Corroborando com Vitor Hugo, Chandy Fonseca, coordenador de games da Secretaria Municipal da Casa Civil, pediu punição às pessoas que cometem preconceitos e destacou a importância da atuação do Rio nesse assunto.

”Nós precisamos punir de fato os que cometem misoginia e outros tipos de preconceito nesse tipo de ambiente. Isso servirá como exemplo e trará solução. Temos a oportunidade de fazer algo para inspirar outros poderes a tomarem medidas concretas”, ressaltou.

Já a gamer Marie Freire, representante da Federação do Estado do Rio de Janeiro de Esportes Eletrônicos (Ferjee), contou que, para uma mulher ingressar em plataformas de e-sports, é preciso coragem. Segundo ela, os preconceitos e a misoginia fazem muitas mulheres desistirem.

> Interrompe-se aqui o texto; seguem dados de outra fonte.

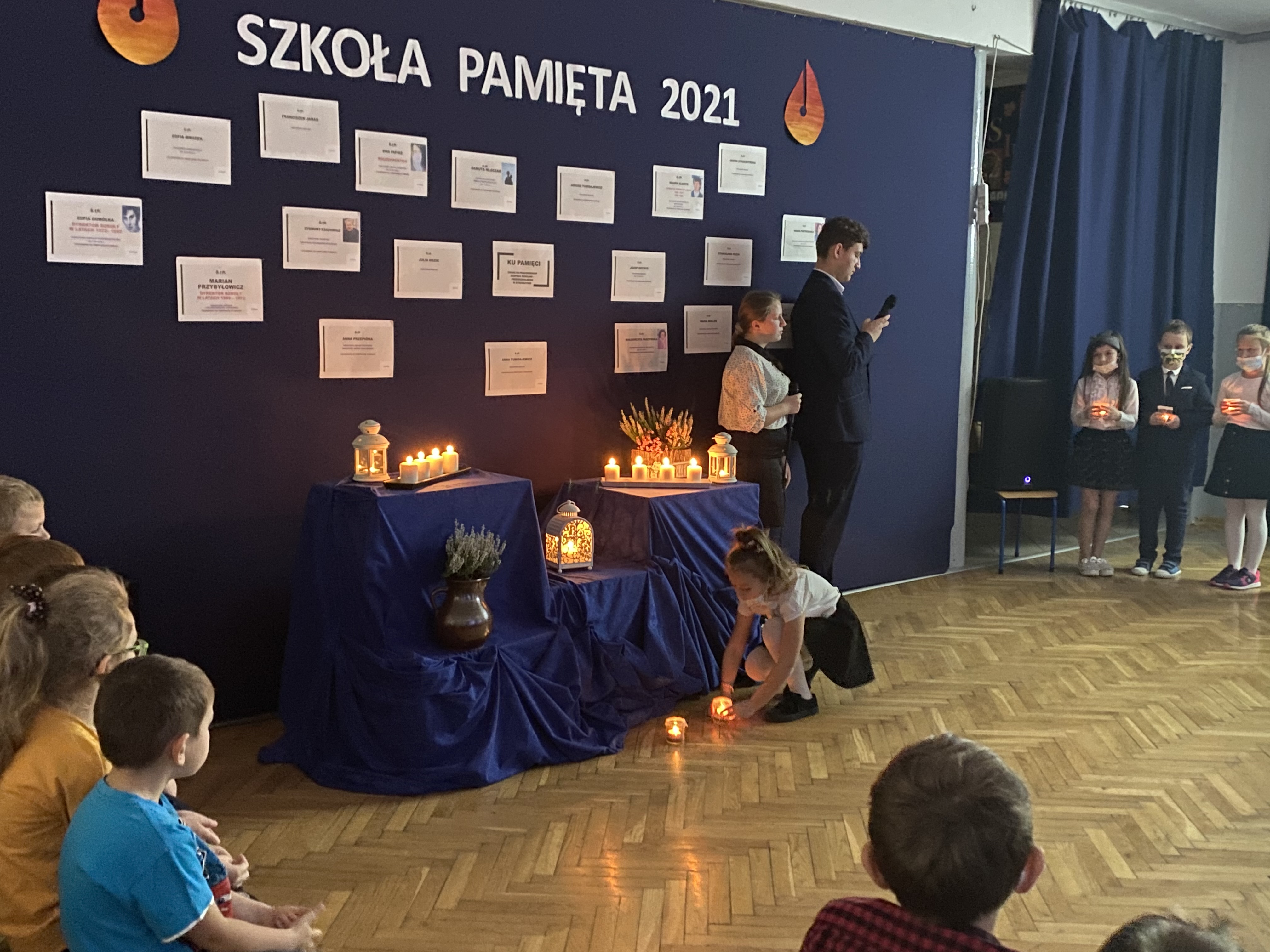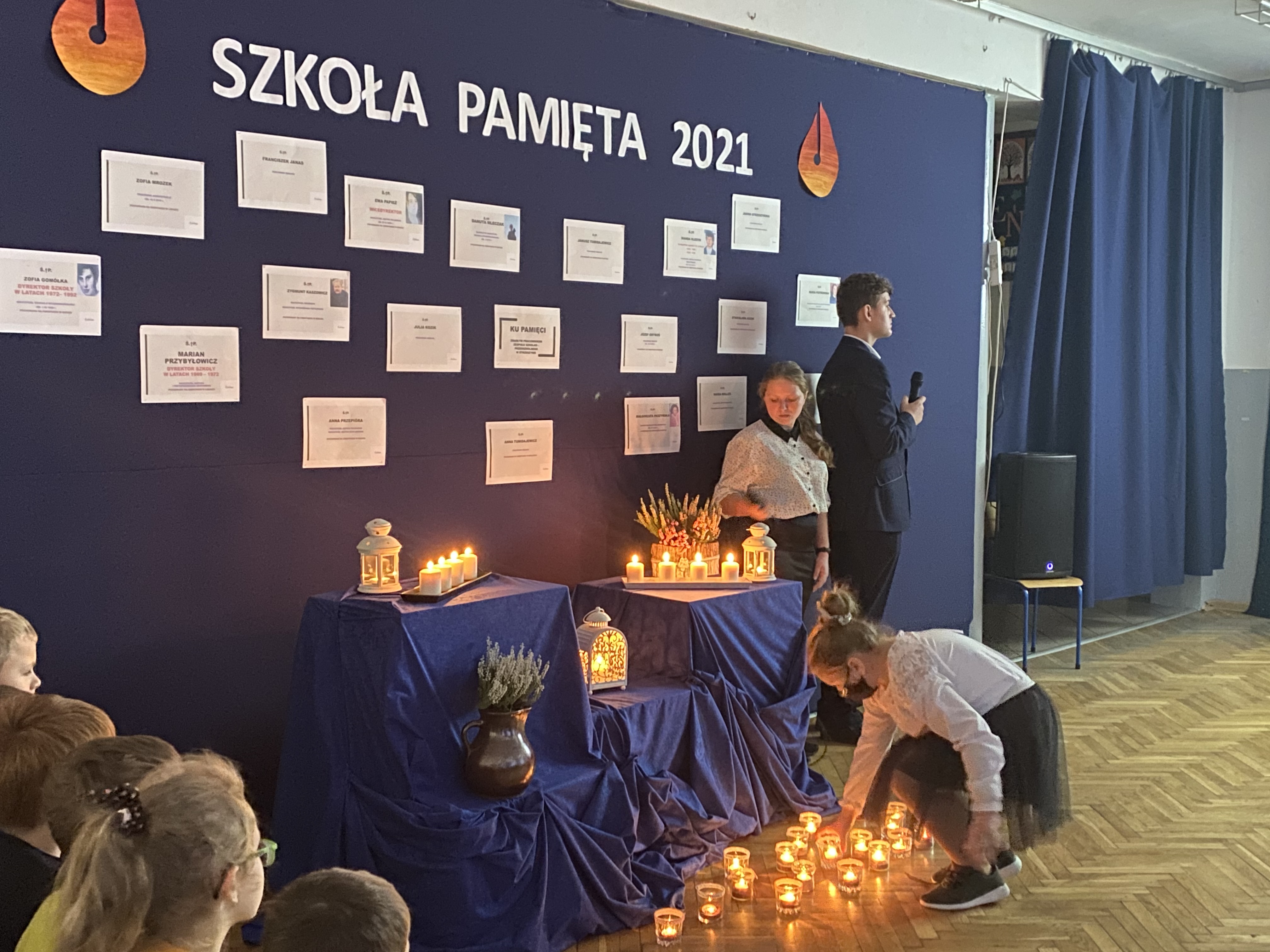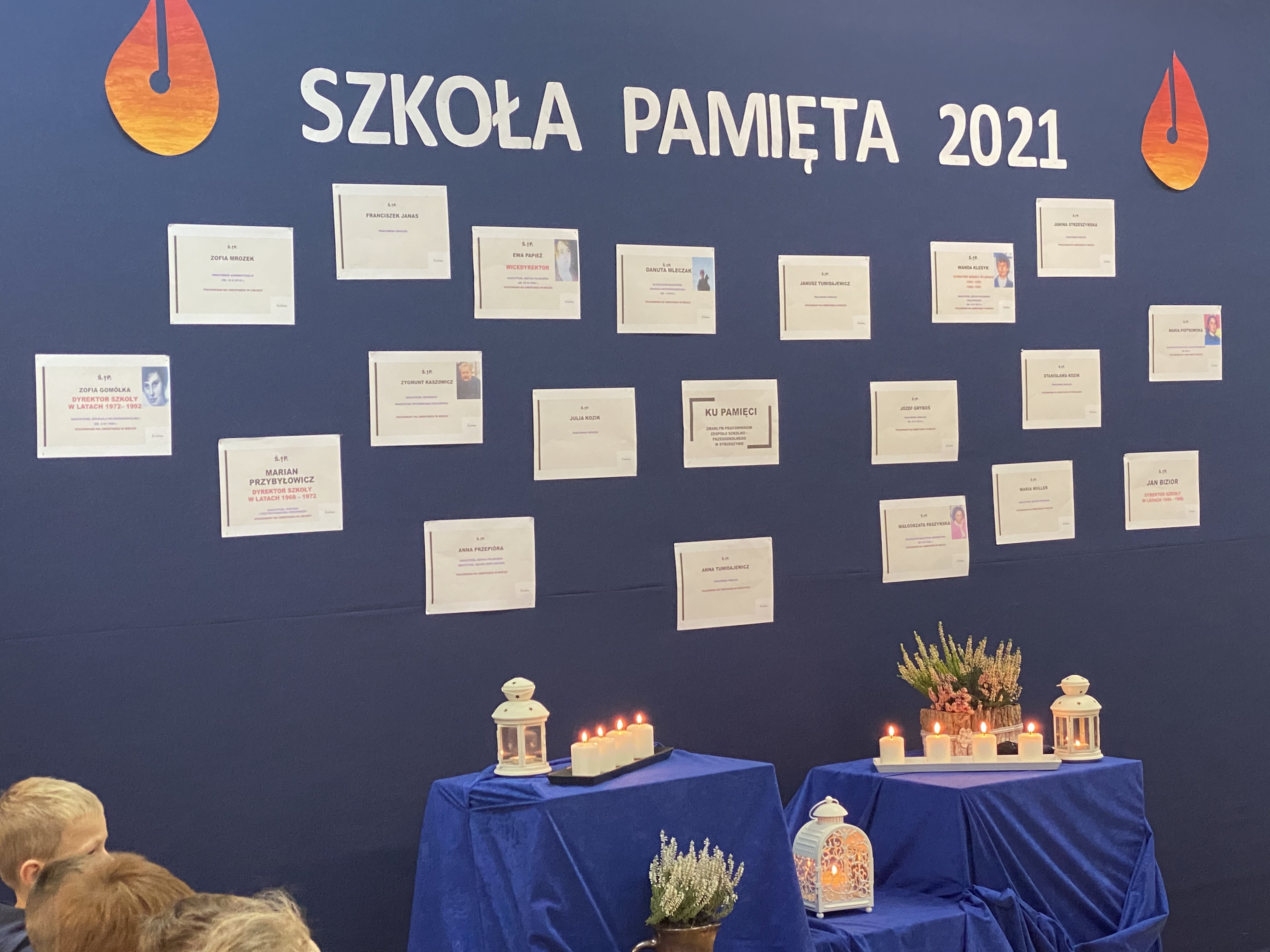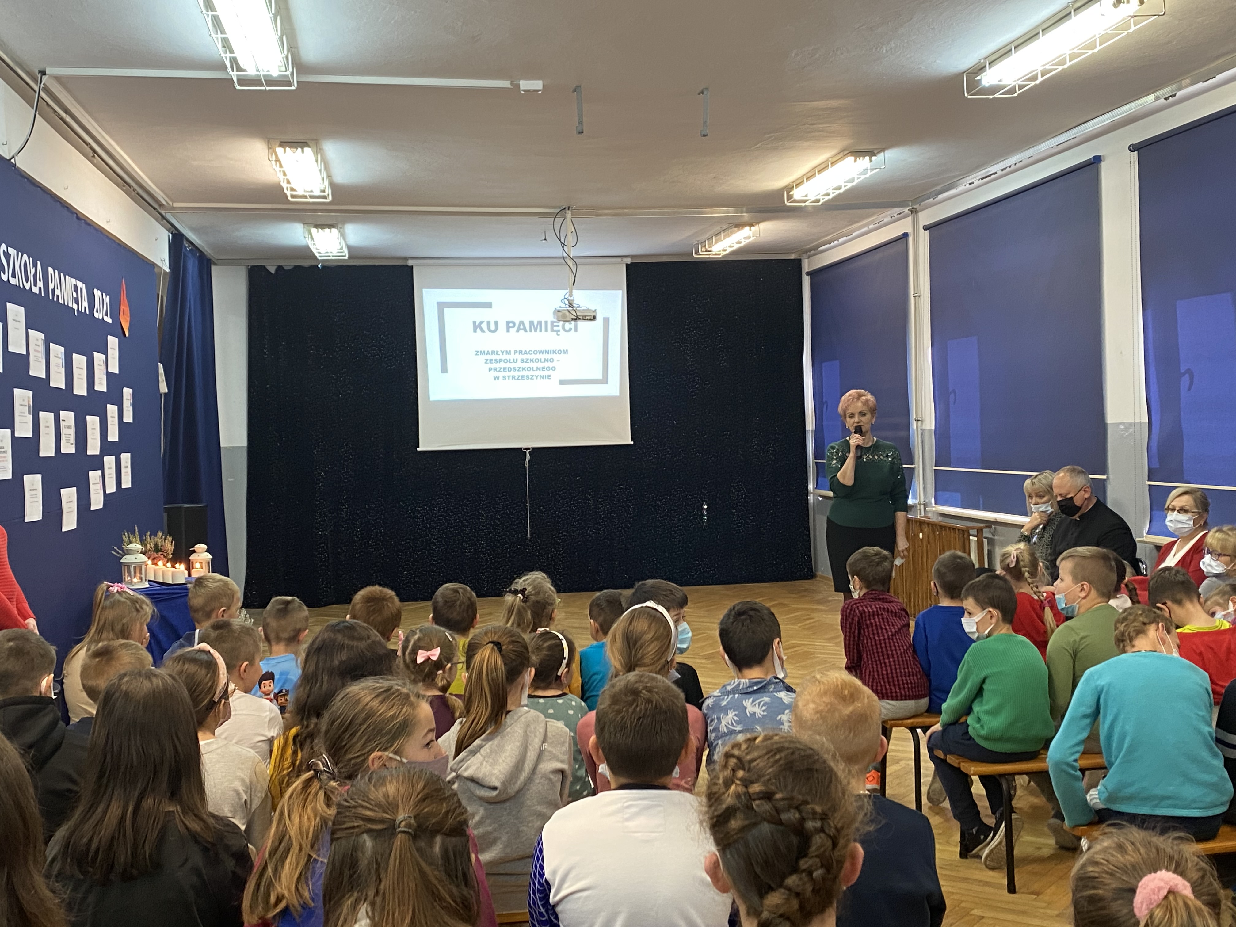3 listopada 2021 roku, w celu upamiętnienia zmarłych pracowników Zespołu Szkolno – Przedszkolnego w Strzeszynie, uczniowie klasy II, III i VIII wraz z nauczycielami przygotowali dla całej szkoły akademię oraz prezentację, która przypomniała i przybliżyła sylwetki tych, których już nie ma wśród nas. Po prezentacji została odmówiona modlitwa w intencji zmarłych oraz zapaliliśmy znicze, które położyliśmy przy symbolicznym pomniku upamiętniającym, tych którzy już odeszli.

”Desde quando escolhemos nosso nickname, já temos medo de ataques. Jogamos sempre duvidando da habilidade. Não há estímulo para mulheres neste ambiente”, comentou.

Freire ressaltou que a Ferjee vem desenvolvendo trabalhos de letramento digital ”desde a base” e que ”a realidade só vai ser mudada se o problema for tratado na raiz”. Além disso, a jogadora afirmou que, atualmente, a federação tem promovido competições inclusivas mistas.

Vice-presidente da Associação Brasileira das Desenvolvedoras de Games (Abragames), Carolina Caravana, por sua vez, classificou como fundamentais as políticas de inclusão digital voltadas para mulheres. Ela diz que não se trata apenas do acesso à internet, mas também que é urgente informar e falar sobre violências vividas no mundo digital.

”Quem não tem acesso à informação é, de fato, mais vulnerável. Quando falamos de respeito com o sexo feminino, estamos discutindo algo fundamental para o desenvolvimento da indústria gamer. Isso precisa ser o nosso foco”, disse.

Por fim, Amanda Abreu, ex-atleta de esportes eletrônicos, explicou que o mundo gamer é uma das maiores indústrias e que mulheres precisam ser incentivadas a construir carreiras. Ela também relembrou as dificuldades enfrentadas ao longo da carreira.

”Eu, enquanto jogadora, precisei esconder meu gênero, porque nunca consegui ter paz para jogar. Os crimes na internet nunca são vistos como importantes, como sérios. Tudo parece sempre ser pequeno demais, e esses crimes nunca são investigados”, concluiu.